Закопченные лица хмурились недоверчиво, угрюмо; десятки глаз смотрели в лицо Павла серьезно, вдумчиво.
-- Социалист, а -- не дурак! -- заметил кто-то.
-- Ух! Смело говорит! -- толкнув мать в плечо, сказал высокий кривой рабочий.
-- Пора, товарищи, понять, что никто, кроме нас самих, не поможет нам! Один за всех, все за одного -- вот наш закон, если мы хотим одолеть
врага!
-- Дело говорит, ребята! -- крикнул Махотин.
И, широко взмахнув рукой, он потряс в воздухе кулаком.
-- Надо вызвать директора! -- продолжал Павел. По толпе точно вихрем ударило. Она закачалась, и десятки голосов сразу крикнули:
-- Директора сюда!
-- Депутатов послать за ним!
Мать протолкалась вперед и смотрела на сына снизу вверх, полна гордости: Павел стоял среди старых, уважаемых рабочих, все его слушали и
соглашались с ним. Ей нравилось, что он не злится, не ругается, как другие.
Точно град на железо, сыпались отрывистые восклицания, ругательства, злые слова. Павел смотрел на людей сверху и искал среди них чего-то
широко открытыми глазами.
-- Депутатов!
-- Сизова!
-- Власова!
-- Рыбина! У пего зубы страшные!
Вдруг в толпе раздались негромкие восклицания:
-- Сам идет!..
Директор!..
Толпа расступилась, давая дорогу высокому человеку с острой бородкой и длинным лицом.
-- Позвольте! -- говорил он, отстраняя рабочих с своей дороги коротким жестом руки, но не дотрагиваясь до них.
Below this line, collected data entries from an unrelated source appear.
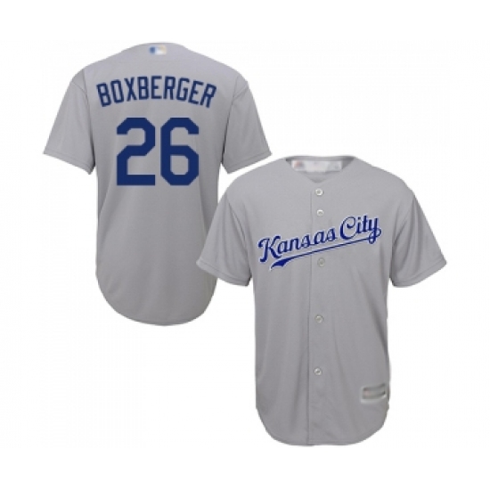 >Youth Kansas City Royals #26 Brad Boxberger Replica Grey Road Cool Base Baseball Jersey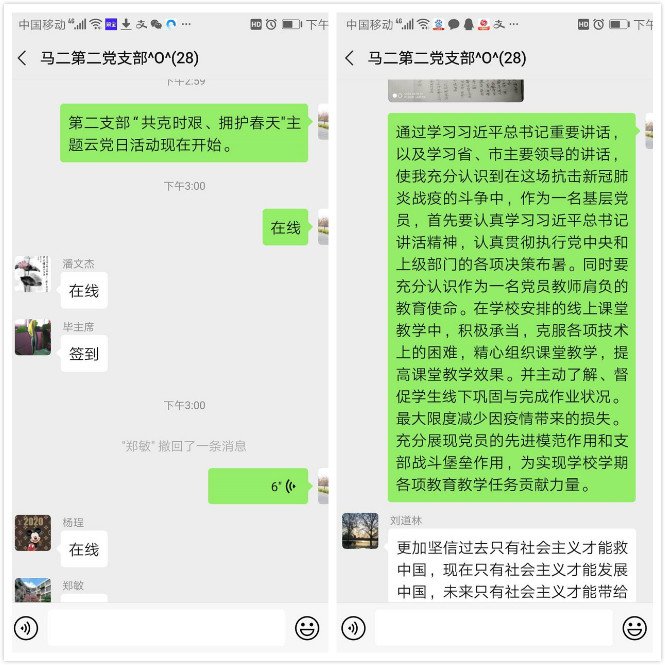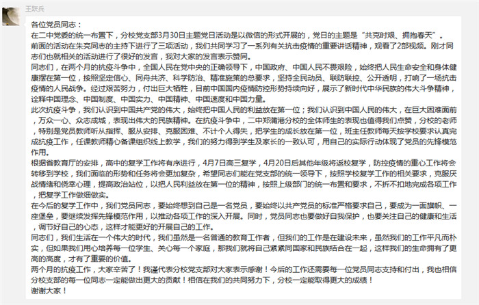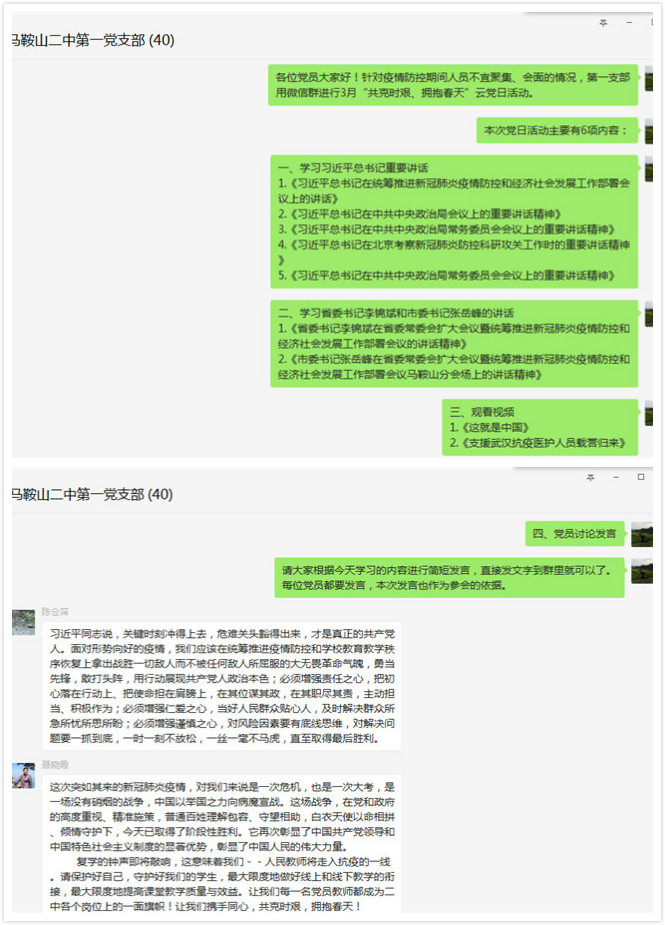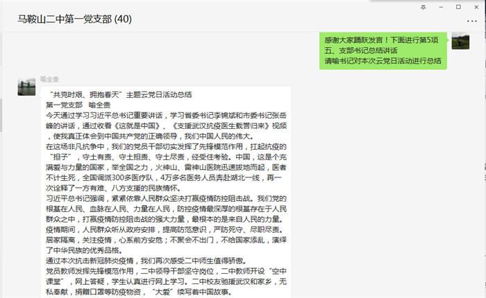 3月30日下午3點,馬鞍山二中黨委下屬各(gè)黨支部同時開展“共克時艱 擁抱春天”主題雲黨日活動。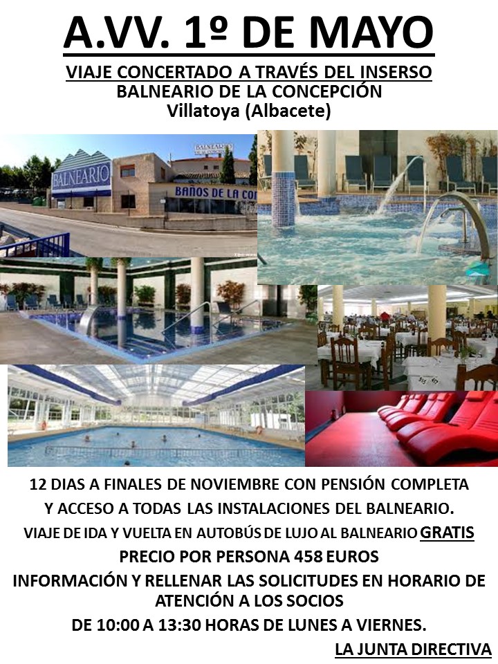 Viajes Viaje Balneario de la Concepción Villatoya (Albacete) Publicado por Asociación de Vecinos 1º de Mayo el octubre 8, 2019octubre 13, 2019 Comparte esto: Compartir en X (Se abre en una ventana nueva) X Comparte en Facebook (Se abre en una ventana nueva) Facebook Me gusta Cargando... Relacionado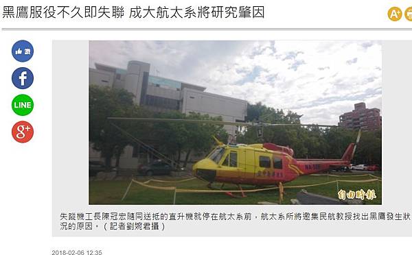 分享黑鷹服役不久即失聯 成大航太系將研究肇因到Facebook 分享黑鷹服役不久即失聯 成大航太系將研究肇因到Line 分享黑鷹服役不久即失聯 成大航太系將研究肇因到Google+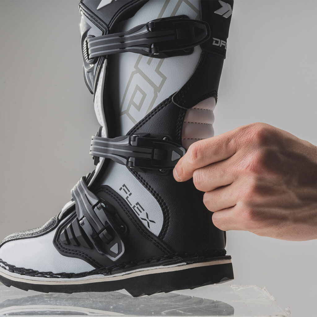 足に合わせた専用設計で、快適なフィット感を実現。本格的なモトクロス走行に対応。

Глаза у него были
прищурены, и взглядом опытного владыки людей он испытующе щупал лица рабочих. Перед ним снимали шапки, кланялись ему, -- он шел, не отвечая на
поклоны, и сеял в толпе тишину, смущение, конфузливые улыбки и негромкие восклицания, в которых уже слышалось раскаяние детей, сознающих, что они
нашалили.
Вот он прошел мимо матери, скользнув по ее лицу строгими глазами, остановился перед грудой железа. Кто-то сверху протянул ему руку -- он
не взял ее, свободно, сильным движением тела влез наверх, встал впереди Павла и Сизова и спросил:
Это -- что за сборище? Почему бросили работу? Несколько секунд было тихо. Головы людей покачивались, точно колосья. Сизов, махнув в
воздухе картузом, повел плечами и опустил голову.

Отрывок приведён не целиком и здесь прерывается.